What Features and procedures are there to mitigate Water? I apologise if my post gave the impression that there are no mitigation processes. There are. Water is well understood in the industry.
Well for a start, Features / Design. The Aircraft has a water scavenge system. Water doesn't mix with fuel, it sinks to the bottom being about 20% denser than fuel, so at the very lowest point in the tank, the water scavenge system (Powered by the Aft Fuel Pump through a jet pump, a venturi like system) will suck up the 'fluid' at the very lowest point, where the water would collect and in Boeings words 'drip' that fluid into the path of the pump pickup inlet (but I'd describe it more as a 'squirt').
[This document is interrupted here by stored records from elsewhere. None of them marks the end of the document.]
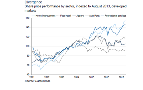 零售商大批破產的同時,一些對電商“免疫”的行業(yè),在過去幾年表現卻明顯優(yōu)于其他消費類行業(yè)。高盛在一篇報告中總結了以下四類:1、線下體驗型消費(如游樂場);2、“大件”商品和服務(如家具、教育);3、B2B類商品(如工業(yè)零件);4、有監(jiān)管約束的商品(如藥品)。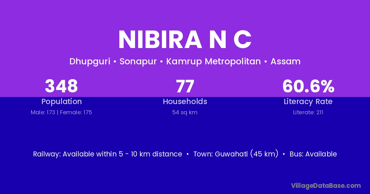 Guwahati (45 km) is the nearest town to Nibira N C village for major economic activities and is located approximately 45 km away.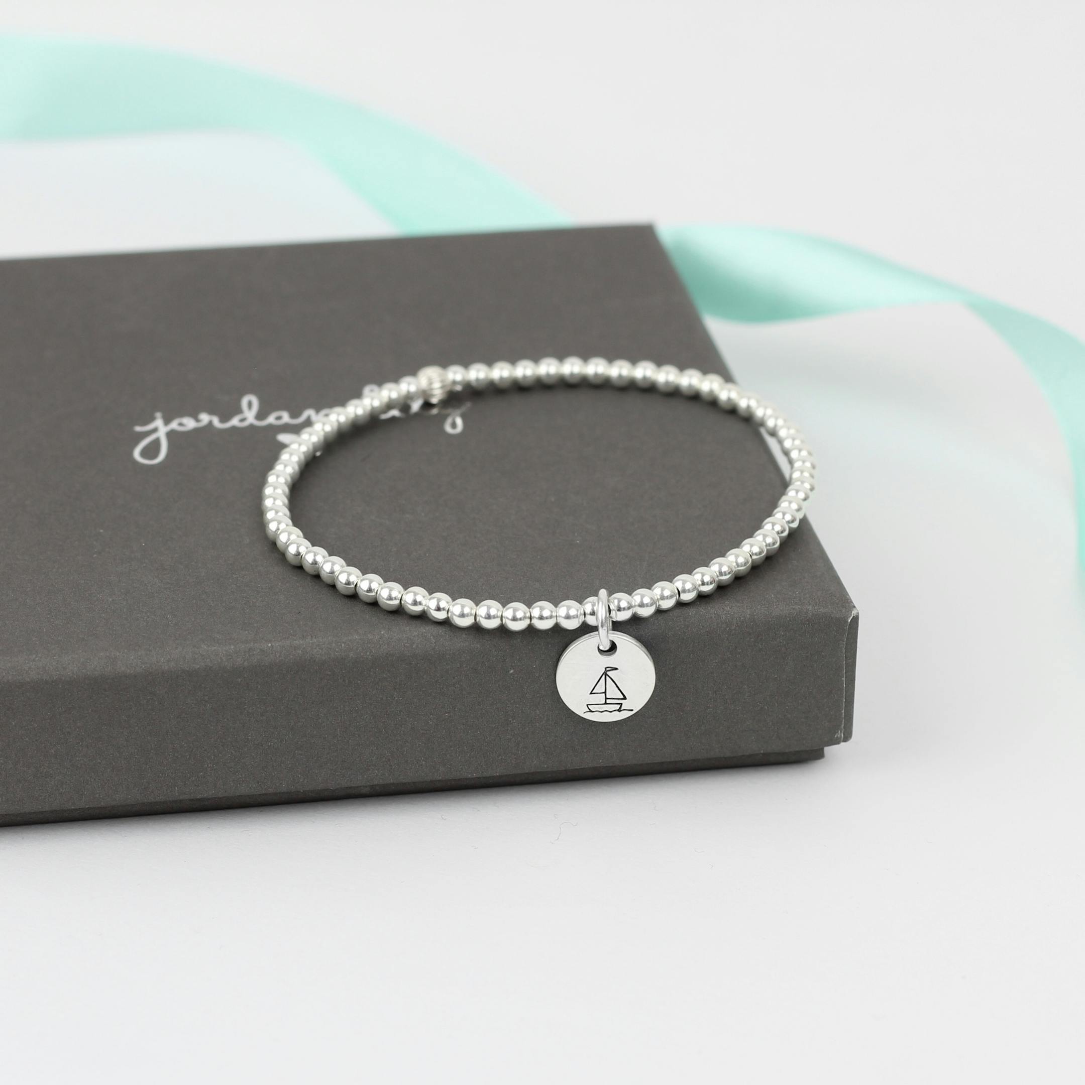 Handmade in my home workshop in Cornwall, these beautiful bead bracelets are made from solid sterling silver beads threaded onto strong elastic and finished with one of my hand-stamped Sailing Boat charms.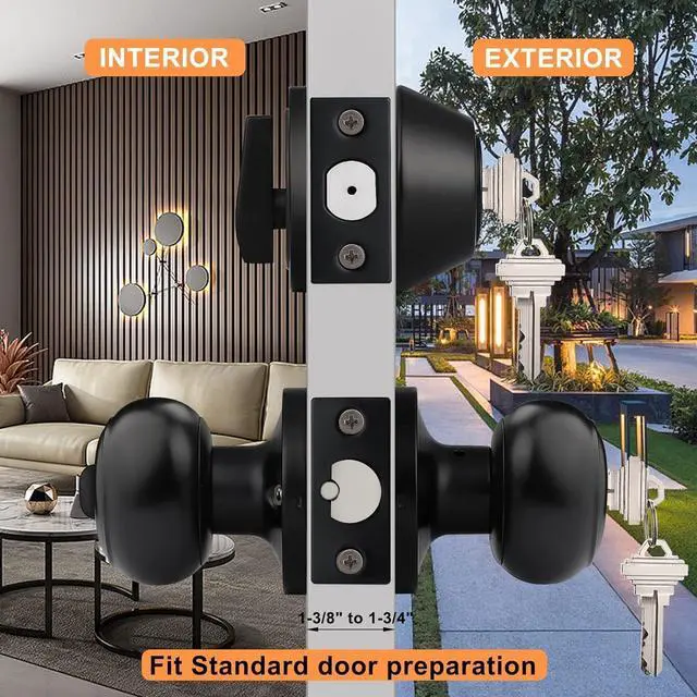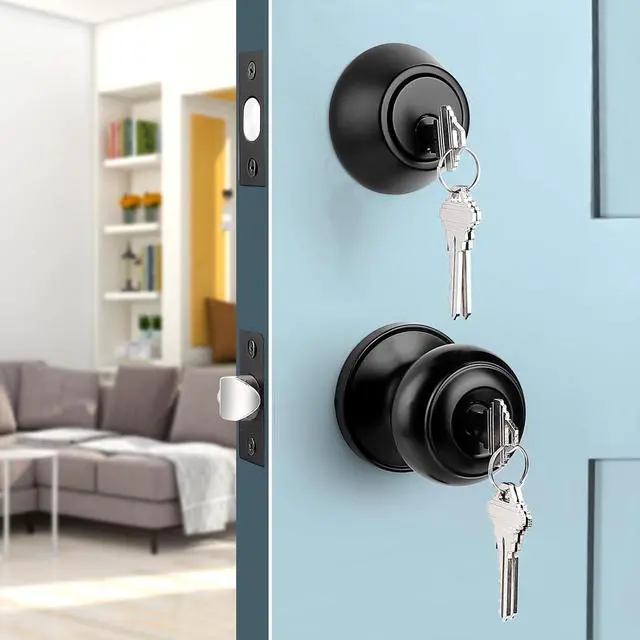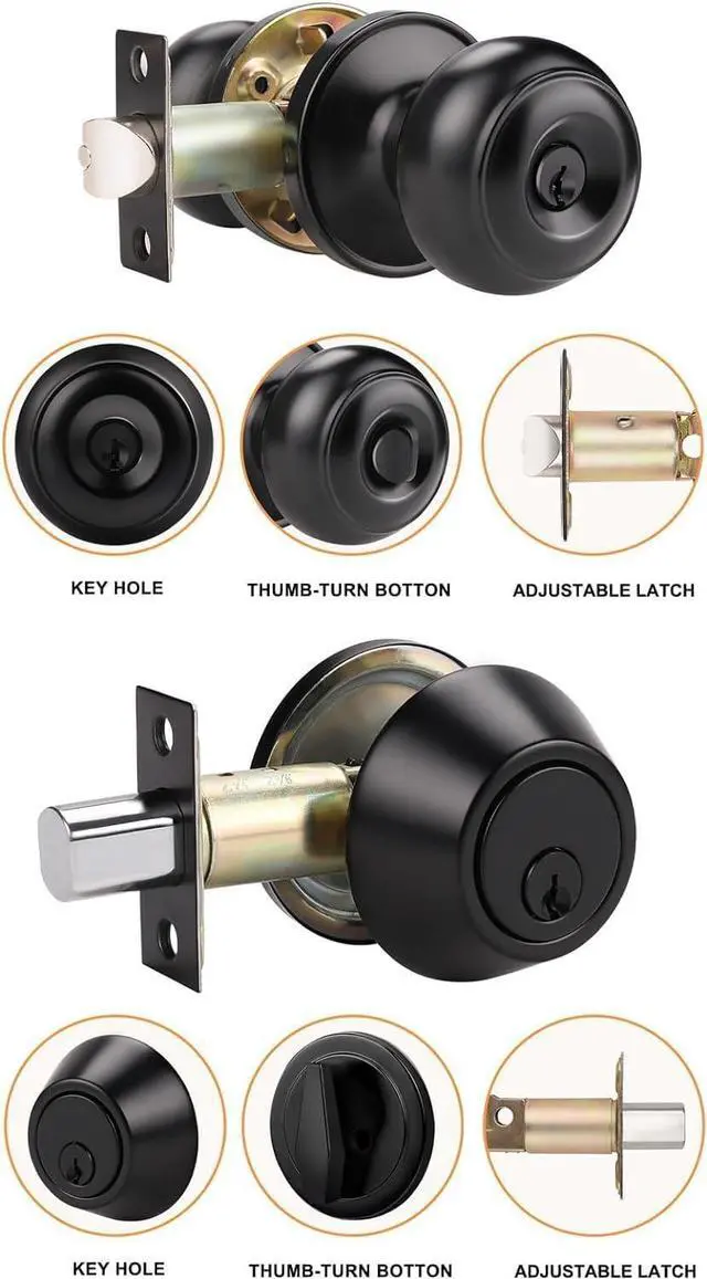 Combo Set: 1 set includes 1 entry knob and 1 deadbolt, which works best for exterior and interior doors, can be locked and opened with a key from the outside and a thumb-turn button from within. 1 set with 6 same keys

The idea being that a small amount of water injected into the fuel will be consumed by the engines harmlessly.
There is also agitation. The wing tank pumps are pretty much running constantly, from before engine startup to after engine shutdown. The pumps are quite violent to the fuel and supply more pressure then the engine could ever need. Any excess pressure is dumped right back into the tank, quite close to the pump, in a direction that would further stir up the fuel and help break up any water into suspended droplets.
This all works if there is a small amount of water in the fuel. The water scavenge pickup is right next to the pump inlet, but a bit lower. Little bits of water get managed. Looking at the pictures of the system, I'd say a couple of gallons of water would do no harm at all.
But if there was significantly more water in that tank. Guessing 10-30 + gallons, then the pump would be circulating water, or highly water rich fuel.
Then there's the suction pickup. Its in the same 'bay' as the aft fuel pump and located a little 'higher' than the pump inlet and water scavenge inlet. But also located between stringers that can separate out the settled water ( I wish I could share the pictures, but more than my job is worth ) I can imagine the suction pickup being in a pool of 'stagnant' water.
I also saw a post from Metcha about the scavenge system blocking with Algae - I don't know about that (B787 not my fleet). But possible that could aggravate things. There's also the reports of the Indian AAIB looking at the Titan Biocide incident. Its possible that might be related and could modify the theory.
Procedures - There's the (at my airline weekly I think) procedure to 'sump' the tanks. There are drain points in the tank. Valves that you can push in with a tool and fluid drains. As described earlier (and videos exist on YouTube), you drain about a gallon of fluid and examine it for water. Most often in temperate climates (my experience), there's a few 'beads' of water in the bottom of the jug, moving about like mercury. Except when there's more. Sometimes there's a clear line in the jug, half water, fuel above. And sometimes a gallon of water, that smells like fuel. You drain it until you are sure there's no water.
Could 'that much' water have condensed in the tank? Well - There's the question. I guess the basis of the theory is that on descent into DEL, the wing tanks picked up some very humid air, which settled water into the tanks through the night. Then, as the theory I posited must work, the wing pumps must have circulated and suspended that water into the fuel.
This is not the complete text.